Clifford Linedecker is an American investigative journalist and author of true crime books.

Biography

Linedecker was born in Plymouth, Indiana and graduated from Plymouth High School in 1950.  He wrote for the high school paper.  He joined the Navy in 1952, and found himself stationed on a small island where some officers decided to address a problem with low morale by assigning Linedecker and four other men to start a newspaper.

Linedecker met and married Yang Soon (Junko) Ri in 1957, while stationed in Yokohama, Japan.

He and his wife retired to Lantana, Florida.

Career

Linedecker's first job was as a reporter for the LaPorte Herald-Argus in La Porte, Indiana.  He later worked for many years as an editor at the National Examiner.  He worked for a series of newspapers, including the Terre Haute Tribune, The Times in Hammond, the Fort Wayne News-Sentinel, the Times-Union in Rochester, N.Y., and The Philadelphia Inquirer.

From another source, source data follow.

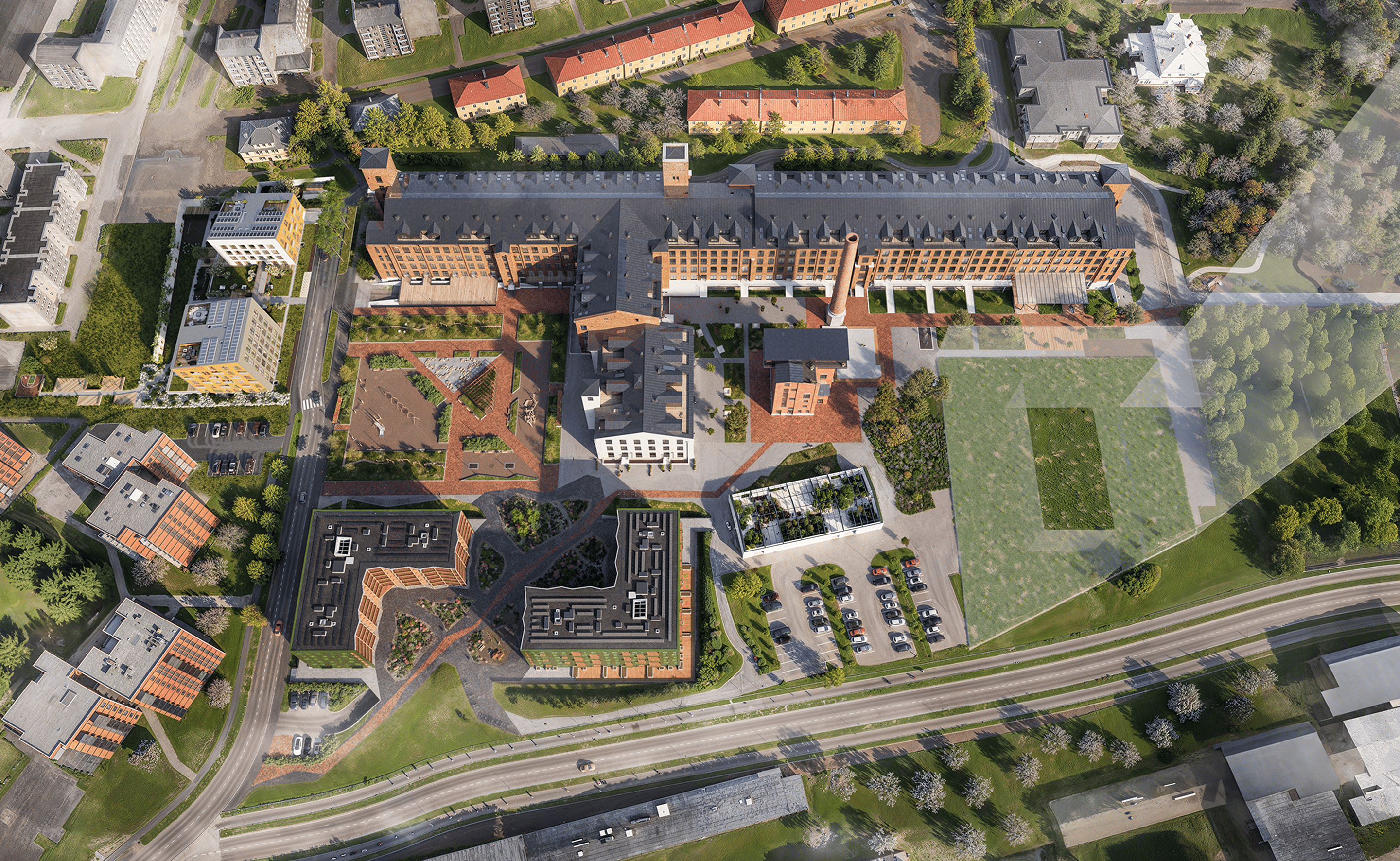 Between Manufaktuuri 12 and the iconic Factory building lies a large park, perfect for a leisurely walk or a picnic in one of the relaxation areas. Or if you’d like, you can engage in more physical activities, such as climbing or water and sand sports.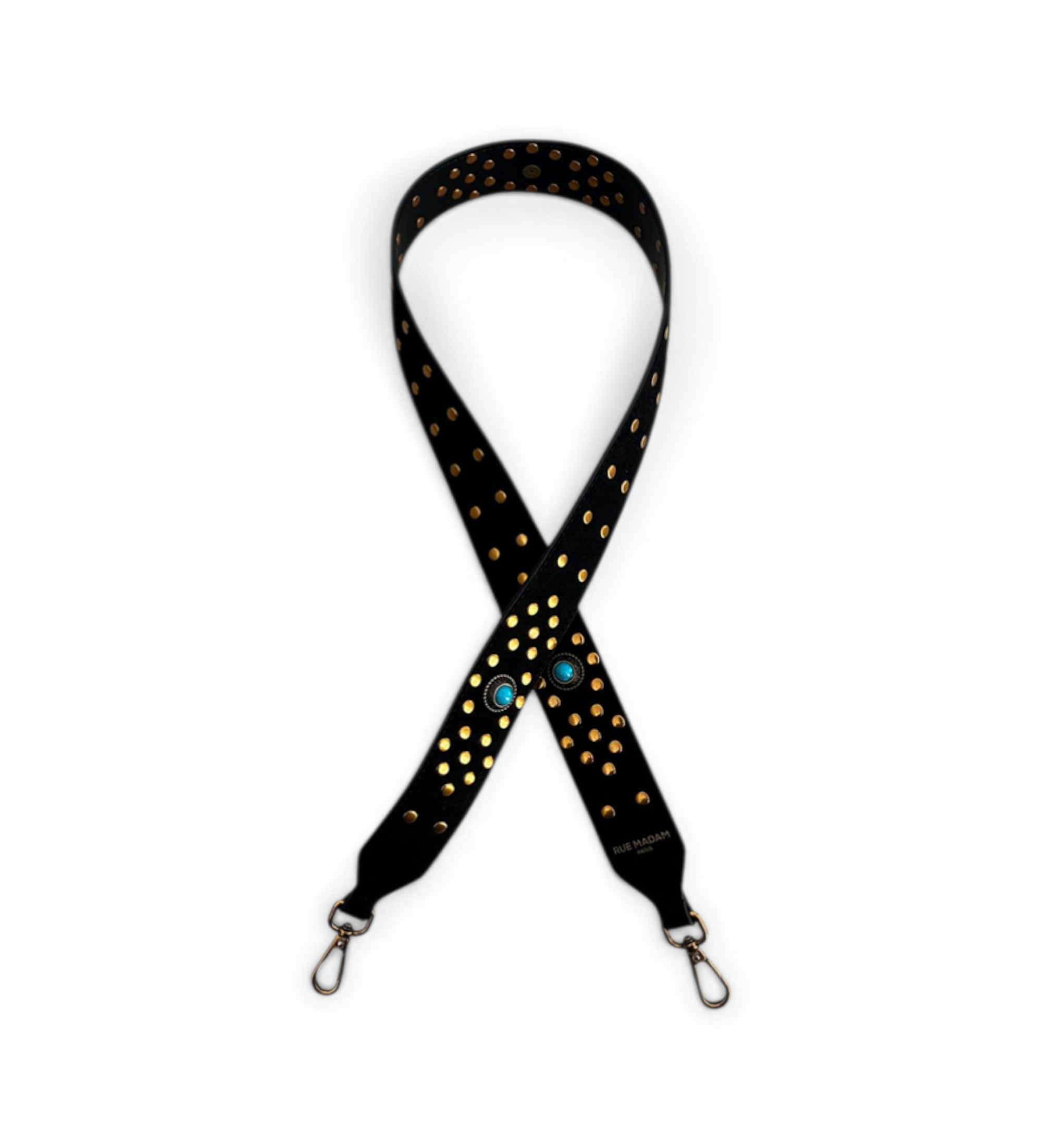 Correa de hombro de ante con logotipo estampado y tachuelas de estilo étnico, para un toque distintivo y refinado.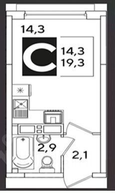 Общая площадь студии: 19.3 м².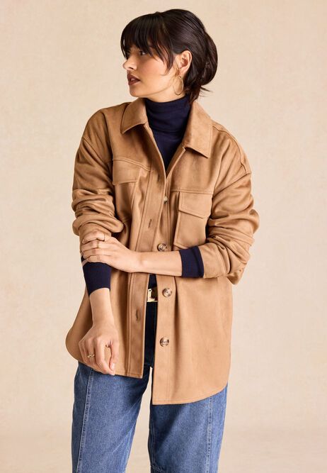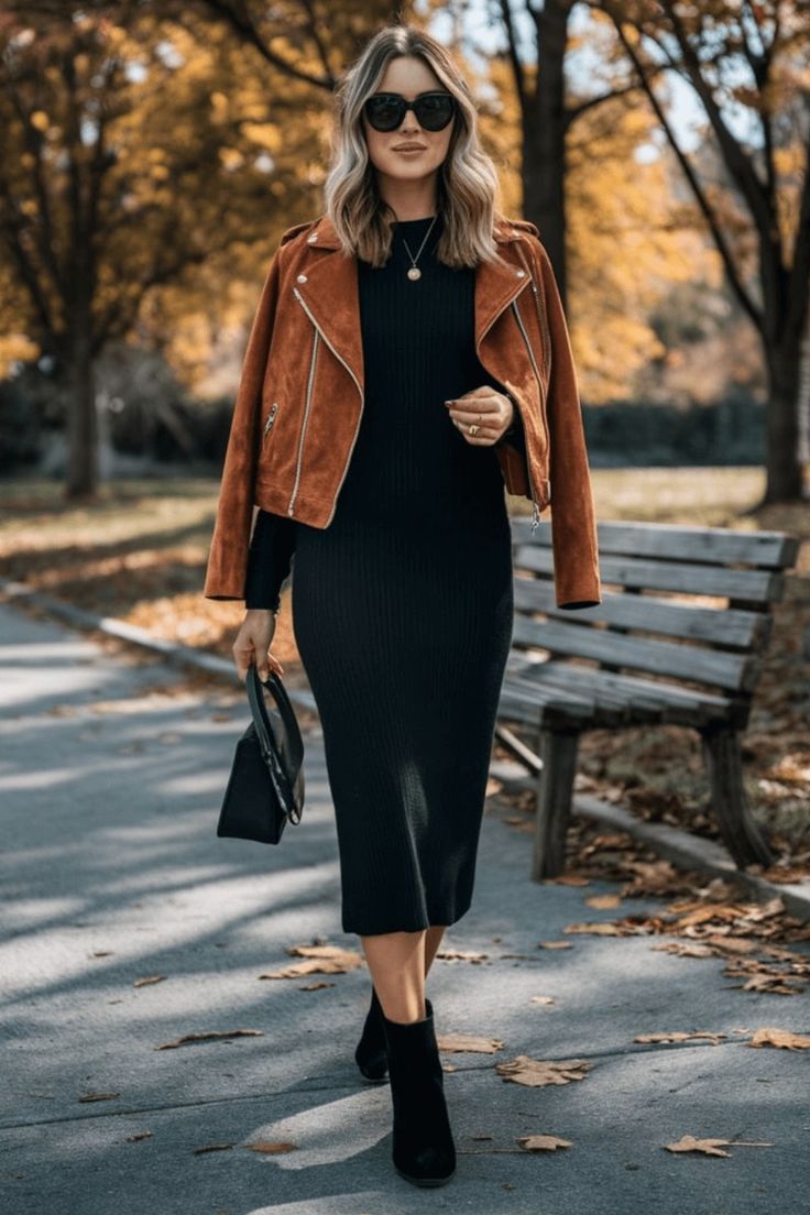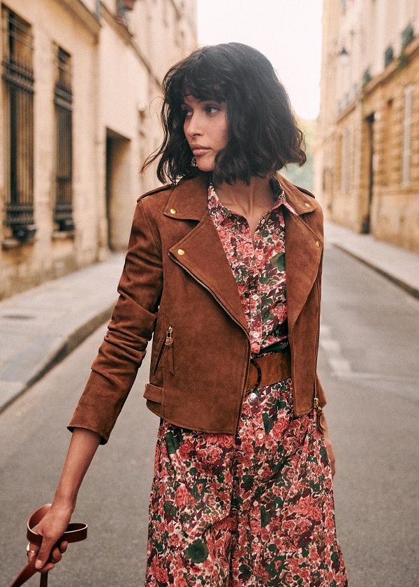 Semiš lepo zmehča ženstvenost obleke. Midi obleka s cvetličnim potiskom in semiš jakna je popoln par za romantične jesenske sprehode.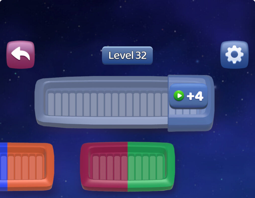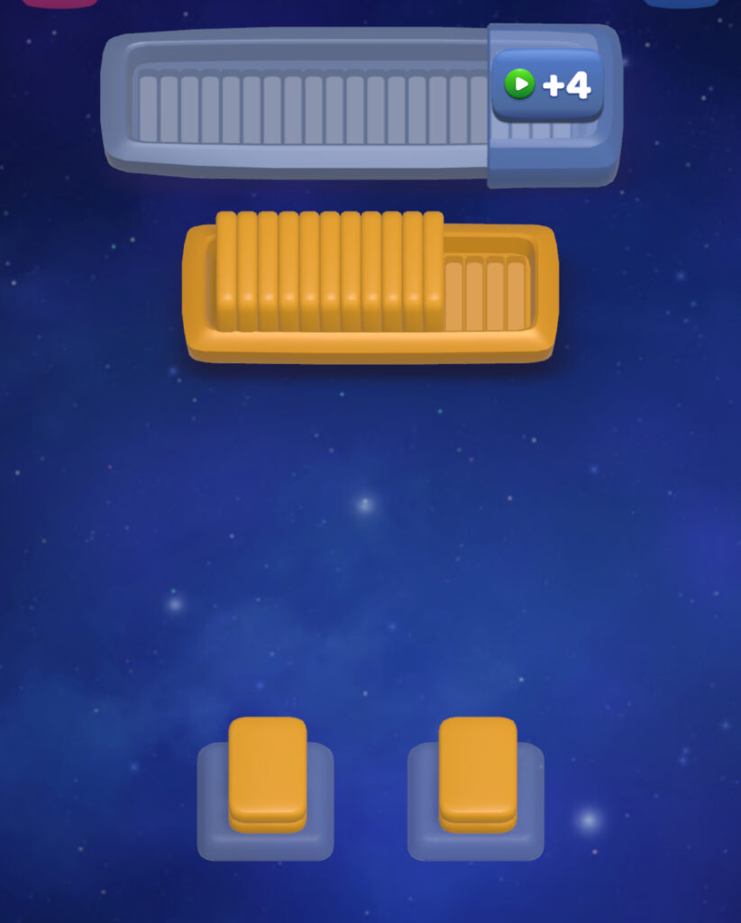 「ソートダッシュ」は、色が付いたタイルを同じ色のトレーに必要枚数乗せていくゲームです。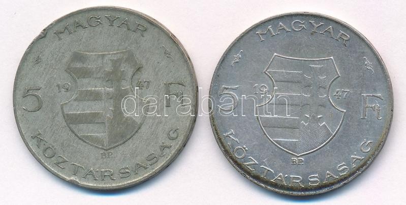 Leírás: 1947. 5Ft Ag "Kossuth" (2x) T:2,3 patina Adamo F8.1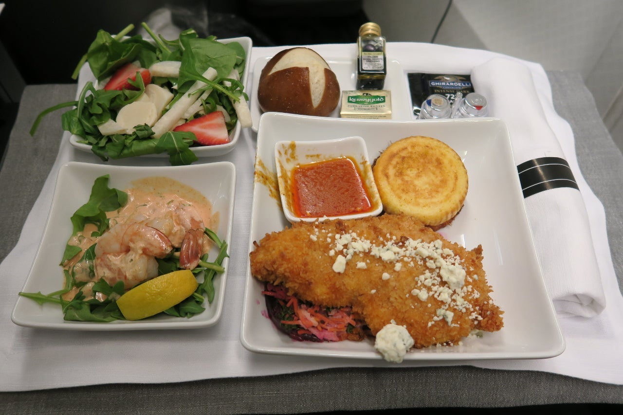 The buffalo skillet chicken was one of the best business class main courses I've eaten on American. The chicken was moist, the breading on the chicken was tasty and crispy and the corn cakes were well seasoned. In addition to the main course, each tray contained a poached shrimp rémoulade small plate and baby spinach and arugula salad. There were four types of bread to choose from, including pretzel bread.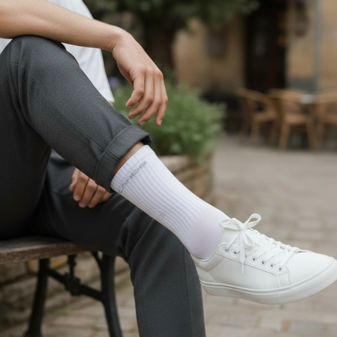 TRISH White/Grey/Black Crew Socks (Pack of 3) for Everyday Luxury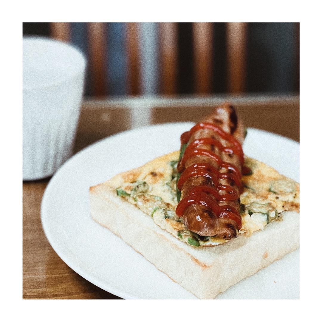 周一:青酱抹吐司进烤箱烤脆,配上烤肠、鸡蛋炒秋葵。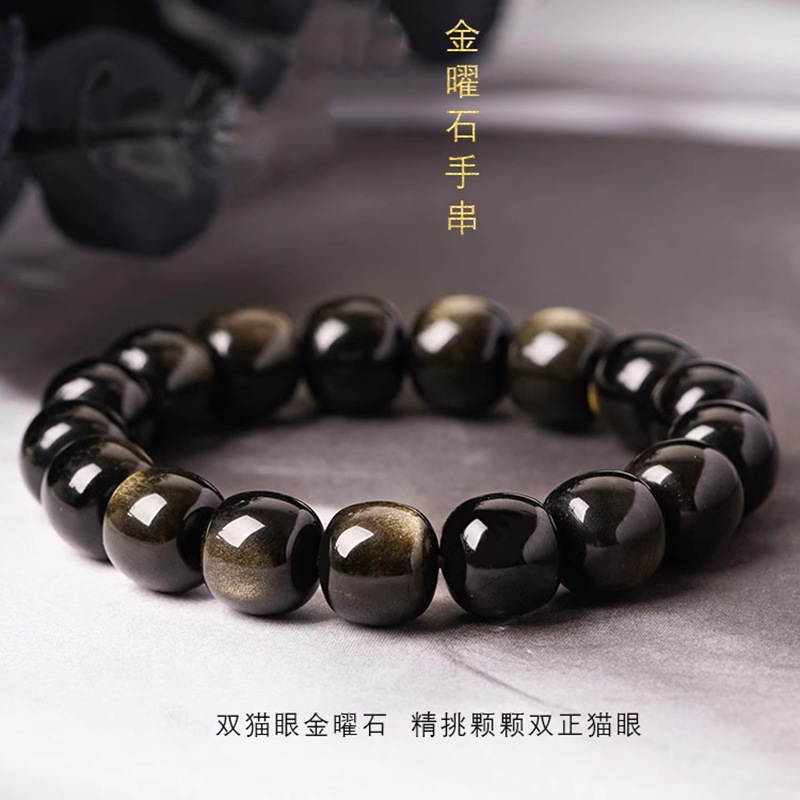 자연 고양이 눈 금 흑요석 팔찌 12 조디악 행운의 구슬 부처님 구슬 흑요석 팔찌 연인을위한 새해 선물스토어 가기

Linedecker's first published book was Psychic Spy, one of three books he wrote before taking up true crime writing. the three included the bestseller, My Live with Elvis, co-authored with Elvis Presley's former secretary.

His first true crime book was The Man Who Killed Boys, an account of serial killer John Wayne Gacy, was published in 1980.

Books

True Crime Books
The Man Who Killed Boys. 1980.
Night Stalker. 1991.
Smooth Operator: The True Story of Seductive Serial Killer Glen Rogers. New York: St. Martin's Paperbacks. 1997.
Babyface Killers: Horrifying True Stories of America's Youngest Murderers. 1999.

Other books
My Life with Elvis, co-authored with Becky Yancey.